Unions today are the hollow shells of yesterday’s workers’ organizations, controlled by bureaucratic parasites whose mission statement is “To provide management with cheap labor, to suppress strikes and to collect dues.” The dues money is the incentive for selling out the membership.

Michigan Medicine nurses, as we recently reported, pay $62.03 a month in dues to the MNA-UMPNC. This does not include the undisclosed amount nurses pay in dues to the local. We wrote:

Some $4,615,000 from 6,200 Michigan Medicine nurses’ paychecks go to the MNA each year in the form of dues.

Nurses have a right to ask: Where is this money going? Is the union using the money to fight for them? The answer is obvious, and nurses must draw the necessary conclusions.

A real workers’ organization would be fighting tooth and nail against a wealthy and avaricious employer. Michigan Medicine reported a $339.8 million “operating margin” (the system is technically not-for-profit) for 2021. Its parent company, the University of Michigan, is one of the nation’s wealthiest universities, with assets of $19.5 billion in fiscal year 2021. This wealth is in part due to billions in investments in hedge funds run by contributors to the university. This may be legal, but that does make it any less corrupt.

The union has consistently told its membership that it cannot call a strike absent an unfair labor practice on the part of Michigan Medicine.

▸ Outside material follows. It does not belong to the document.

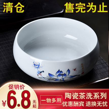 大号陶瓷茶洗有盖水洗家用小号水盂笔洗茶具配件特大洗茶杯盆器皿
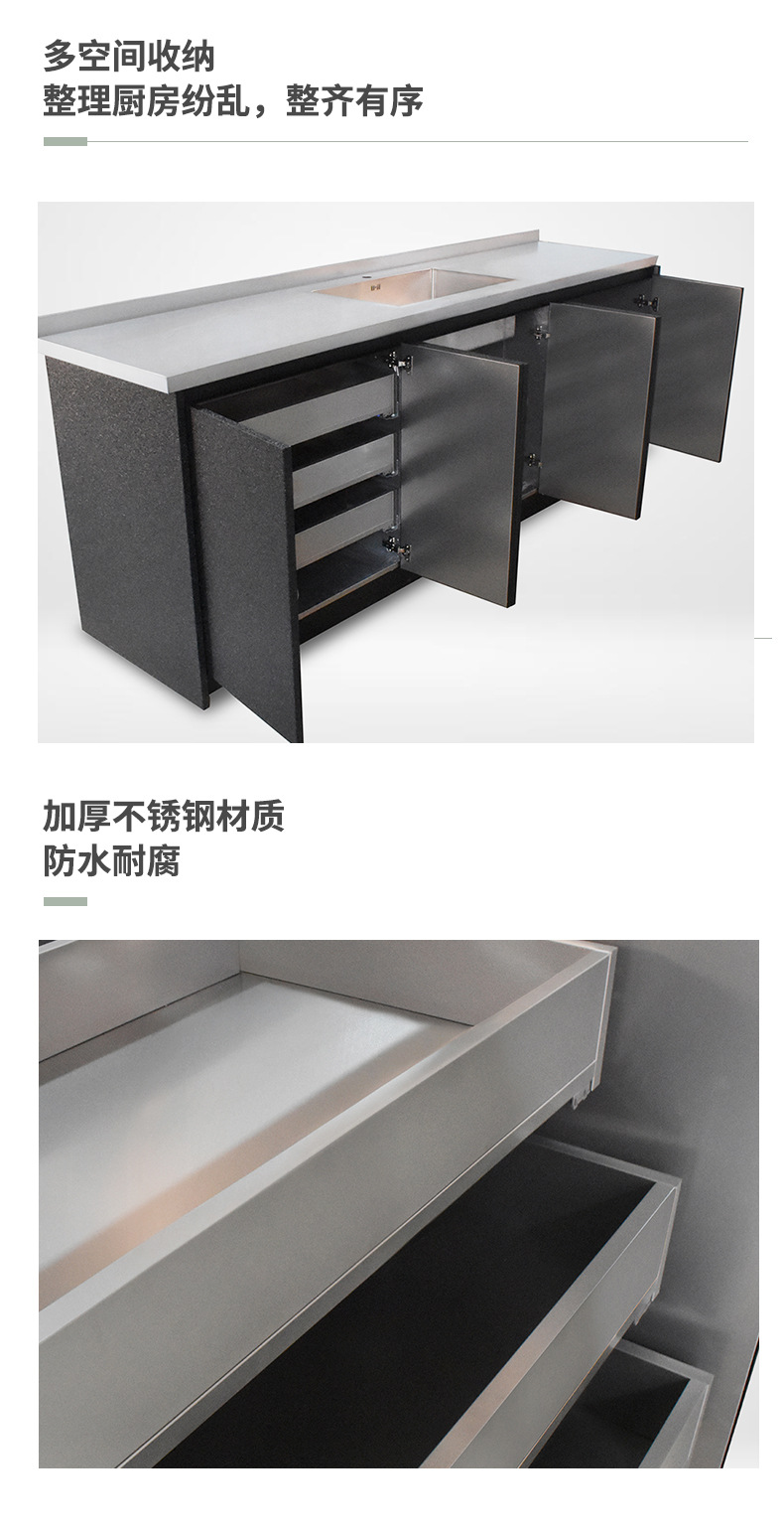 佛山厂家供应整体不锈钢橱柜 家用灶台柜碗柜水槽定制不锈钢橱柜

But according to the MNA-UMPNC website, Michigan Medicine is “bargaining in bad faith.” Under the National Labor Relations Act, this is grounds for a charge of unfair labor practices. Yet the union refuses to even call a strike vote.

Rank-and-file committee

The only way forward for Michigan Medicine nurses is to take their struggle into their own hands. It is certain that the MNA-UMPNC will not represent their interests in any way, and nurses must organize themselves independently of the union. The way to do this is to form a rank-and-file committee.

The rank-and-file committee, an independent and democratic body, should immediately demand a strike vote and a date certain to launch a strike, to continue until the demands of the nurses are met. The WSWS suggests that these demands include:

  • Safe staffing ratios, which requires hiring more nurses
  • A pay raise of 15 percent plus monthly cost-of-living adjustments
  • An end to mandatory overtime

Nurses must join their struggle to that of all other employees at Michigan Medicine and to the struggles of health care workers throughout Michigan and across the country. They should broaden their struggle to link up with those of autoworkers, teachers, logistics workers and others who are likewise fighting against inflation, impossible hours and under-staffing.

A strike by Michigan Medicine nurses, especially one led by a rank-and-file committee, would send a lightning bolt through the profit-driven health care industry. Health care workers everywhere would take courage from the nurses’ struggle. Such a strike would be the first step in the mobilization of the working class against a system that has proven it values profits over life.